GOAL OF THE EXERCISE:
From the line containing "00:06:03Es wird klar, dass" down to the line containing "О нем сложены", copy out the entries below exactly, both lines included, and nothing else; pictures do not belong in the copy.

DATA SUPPLIED:

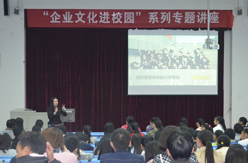 2015年11月3日下午14:00,学院B213阶梯教室,“企业文化进校园”系列专题讲座——《企业家眼中的职业规划》正在如期进行。本次讲座嘉宾刘文佳女士具有丰富的实战和培训经验,她是成都六维企业咨询管理有限公司总经理、六维电商学院院长、四川培训师联合会副会长、四川电商圈知名专家、国际电商艾奇奖评审以及多家传统企业电商高级咨询顾问。来自2015级各专业的新生聆听了讲座,接受了一场别开生面的职业生涯规划启蒙教育。讲座由我院对外合作处处长游秋琳主持。 在讲座中,刘总一改专题讲座讲大道理的传统,她从自己的从业经历讲起,以讲故事的形式,娓娓道来,循序引入。她分别从职业发展路径、个人感受和建议等三个方面与同学们分享了作为企业家眼中的职业生涯应该如何进行规划。
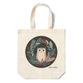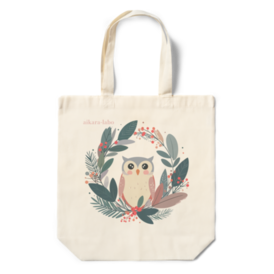 【クリスマスリースとフクロウ】エコバッグ[ナチュラル/ブラック]
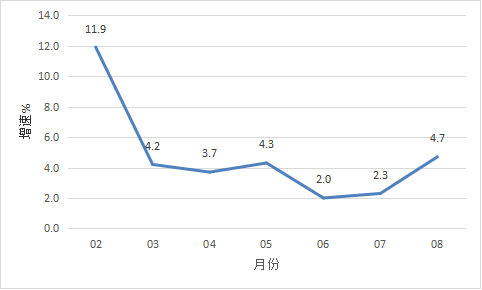 2022年2月以来我市规模以上工业增加值情况 二、投资 1-8月,全市完成固定资产投资同比下降14.7%。从分经济类型看,国有投资增长33.1%;民间投资下降11.5%。分产业看,第一产业投资下降48.2%;第二产业投资增长下降0.5%,其中工业投资下降0.5%;第三产业投资下降22.3%,其中房地产投资下降31.7%。 三、消费市场 1-8月,我市完成社会消费品零售总额118.17亿元,同比增长3.0%。 图二
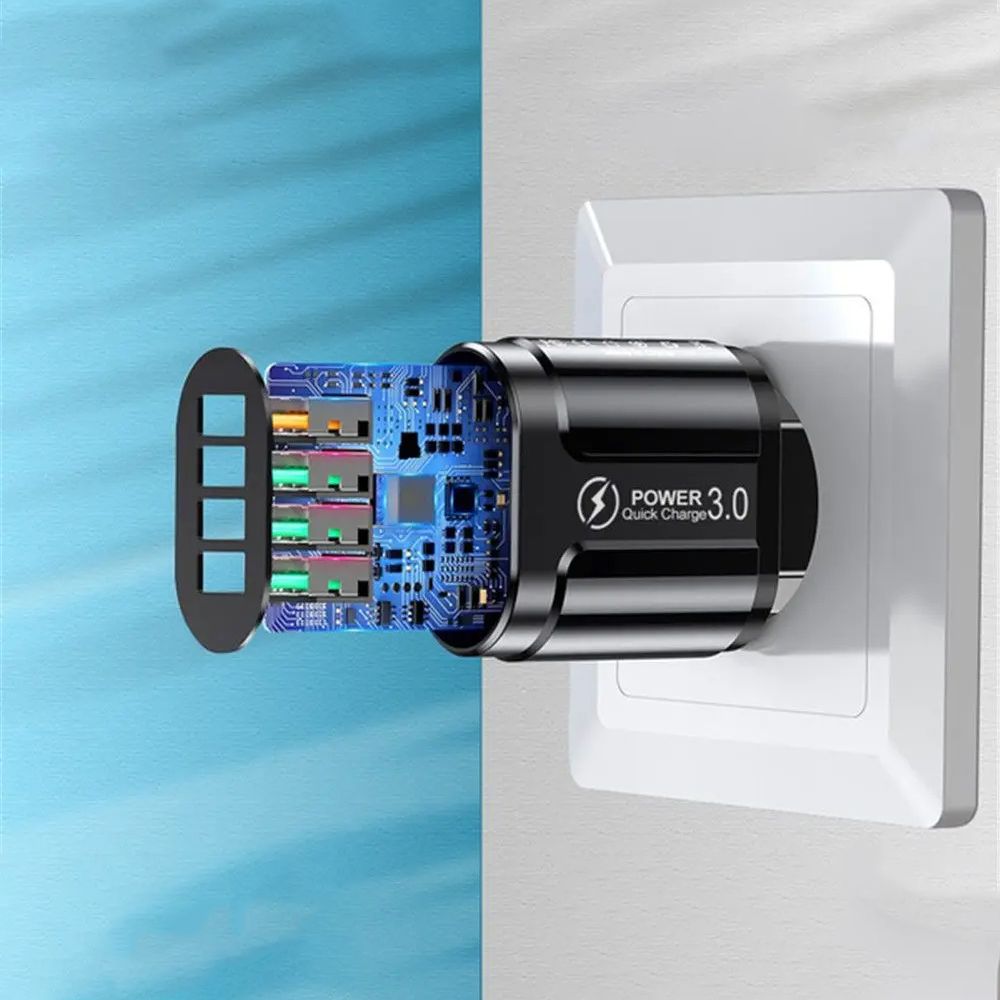 This multi-port USB wall charger is reliable and meets expectations. The three ports charge my devices at a standard pace, while the last port delivers fast charging for my phone and tablet. It's especially useful for travel when multiple devices need simultaneous charging. However, the bright lights can be a bit bothersome at night.
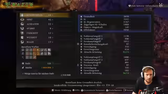 00:06:03Es wird klar, dass der Streamer bereits fortgeschritten ist und bei Level 170 auf NHP (New Game Plus Plus) spielt, was für einen One-Shot bedeutet. Die Streams finden nur in kurzen Sessions von 2-3 Stunden statt. Der Streamer vergleicht dies mit WoW, wo er 40 Tage lang täglich 5 Stunden spielte, und betont, dass er mehr Nioh als WoW spielt. Er stellt fest, dass die Gegner schneller und aggressiver sind, aber gleichzeitig weniger Schaden verursachen, was das Spiel anpassungsbedürftig macht.
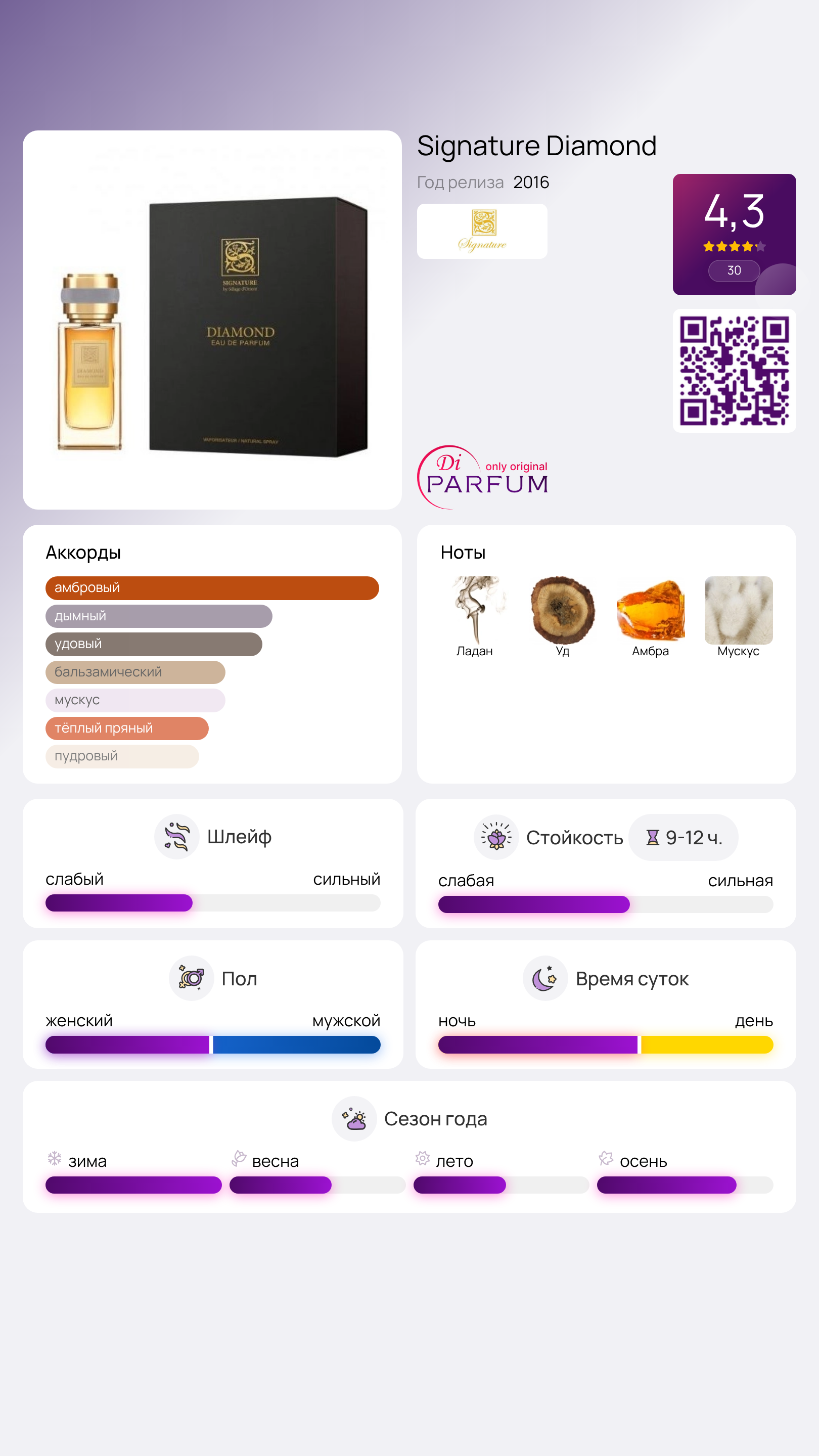 О нем сложены многие мифы и легенды, он является символом древних сказаний, а также самым желанным и ценным представителем среди женщин — это Его Высочество Бриллиант. Именно ему посвящена изысканная композиция арабского бренда Signature Diamond. По древнему преданию, алмаз считается божественным материалом, использованным богами для создания небес, однако одна капля упала на Землю. С греческого языка название этого драгоценного камня переводится как "непреодолимый". Создатели аромата стремились передать эту идею, вбирая в него божественную силу, ослепительный блеск и великолепие.
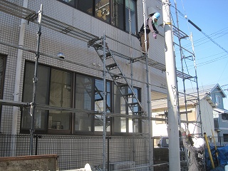 2018年2月15日 外壁タイルの防水工事 【 外壁の防水補修 】 事務所棟と作業棟の 外壁タイル防水シール工事で、 現場作業の為の工事用仮設足場を 撤去いたしました。 【 工事用仮設足場の撤去 】 【 窓のサッシ網戸の取り替え 】 網戸が固定され左右への引込みが出来なかったので、 今回の工事で新規オーダー製作で左右への 引き違いが出来る様に取り替えました。 昨日 工事用仮設足場を撤去が出来ました。 【 駐輪場 】 今日は駐輪場の屋根パネルを 新しく張替えました。 これで予定全ての工事が完了しました。
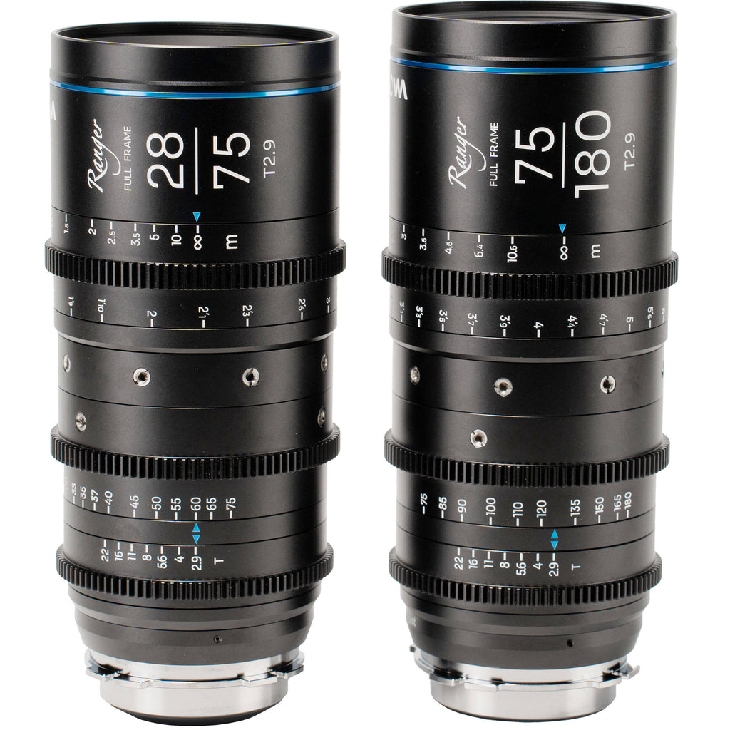 This Laowa Ranger T2.9 Full Frame Cine Zoom 2-Lens Kit from Venus Optics outfits you with two zoom lenses with varying focal lengths suited for full-frame shooting with ARRI PL and Canon EF cameras. Both the 28-75mm and 75-180mm lenses feature a maximum aperture of T2.9, 11 aperture blades, and 77mm filter thread. Mirrored 0.8 MOD gearing for the focus, aperture, and zoom rings on both lenses allows you to use the same follow focus or zoom system without needing to adjust when you switch out your lens.
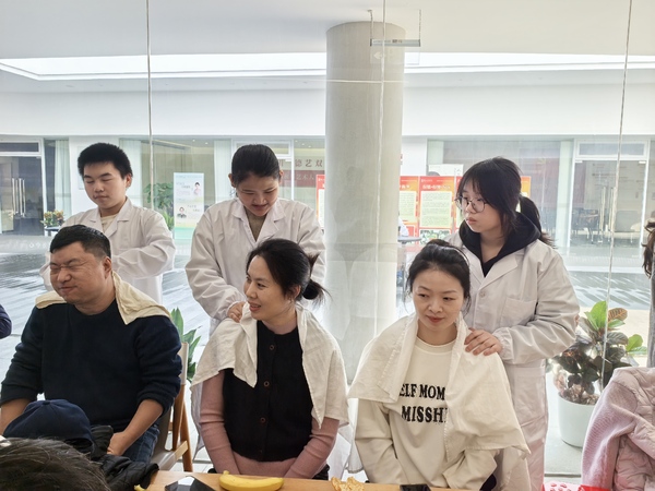 在管弦系學子為省盲校同學的音樂夢想賦能的同時,省盲校師生也回饋了真摯情感。3日下午,職高部張舟橋主任在校黨群服務中心,現(xiàn)場分享并示范了頸肩部自我推拿方法,讓大家快速掌握了日常放松的實用技能。省盲校學生通過嫻熟的推拿手法舒緩了老師們肌肉的疲憊,當音樂的熱忱遇上技能的關(guān)懷,兩校師生在互動中各展所長、互相成就,校園邊界被打破,互助之暖在彼此心間悄然傳遞。這場雙向奔赴的交流,不僅是專業(yè)知識與技能的共享,更是責任擔當與共情能力的培養(yǎng)。
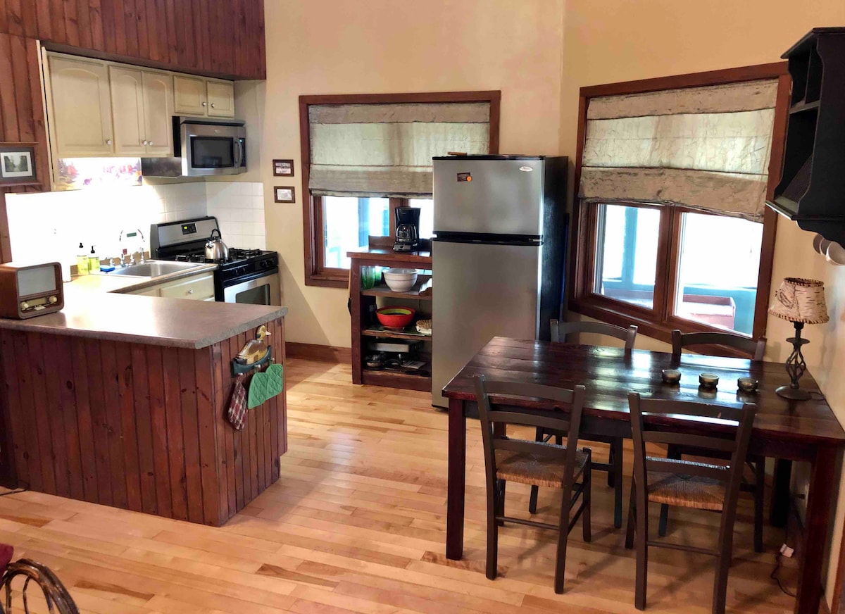 Nuestra suite con entrada independiente se encuentra en nuestra pequeña granja de caballos en las estribaciones de las montañas Adirondacks. El espacio tiene un encanto rústico acogedor y cuenta con todo lo necesario para una escapada tranquila a la montaña en cualquier época del año. Estamos ubicados justo en la entrada de Blueberry Hill Trails, un sistema de senderos de 1000 acres diseñado para practicar senderismo, raquetas de nieve, esquí, ciclismo de montaña y paseos a caballo. Sal por la puerta y estarás justo en los senderos.

SOLUTION FOR THIS PROBLEM:
 00:06:03Es wird klar, dass der Streamer bereits fortgeschritten ist und bei Level 170 auf NHP (New Game Plus Plus) spielt, was für einen One-Shot bedeutet. Die Streams finden nur in kurzen Sessions von 2-3 Stunden statt. Der Streamer vergleicht dies mit WoW, wo er 40 Tage lang täglich 5 Stunden spielte, und betont, dass er mehr Nioh als WoW spielt. Er stellt fest, dass die Gegner schneller und aggressiver sind, aber gleichzeitig weniger Schaden verursachen, was das Spiel anpassungsbedürftig macht.
 О нем сложены многие мифы и легенды, он является символом древних сказаний, а также самым желанным и ценным представителем среди женщин — это Его Высочество Бриллиант. Именно ему посвящена изысканная композиция арабского бренда Signature Diamond. По древнему преданию, алмаз считается божественным материалом, использованным богами для создания небес, однако одна капля упала на Землю. С греческого языка название этого драгоценного камня переводится как "непреодолимый". Создатели аромата стремились передать эту идею, вбирая в него божественную силу, ослепительный блеск и великолепие.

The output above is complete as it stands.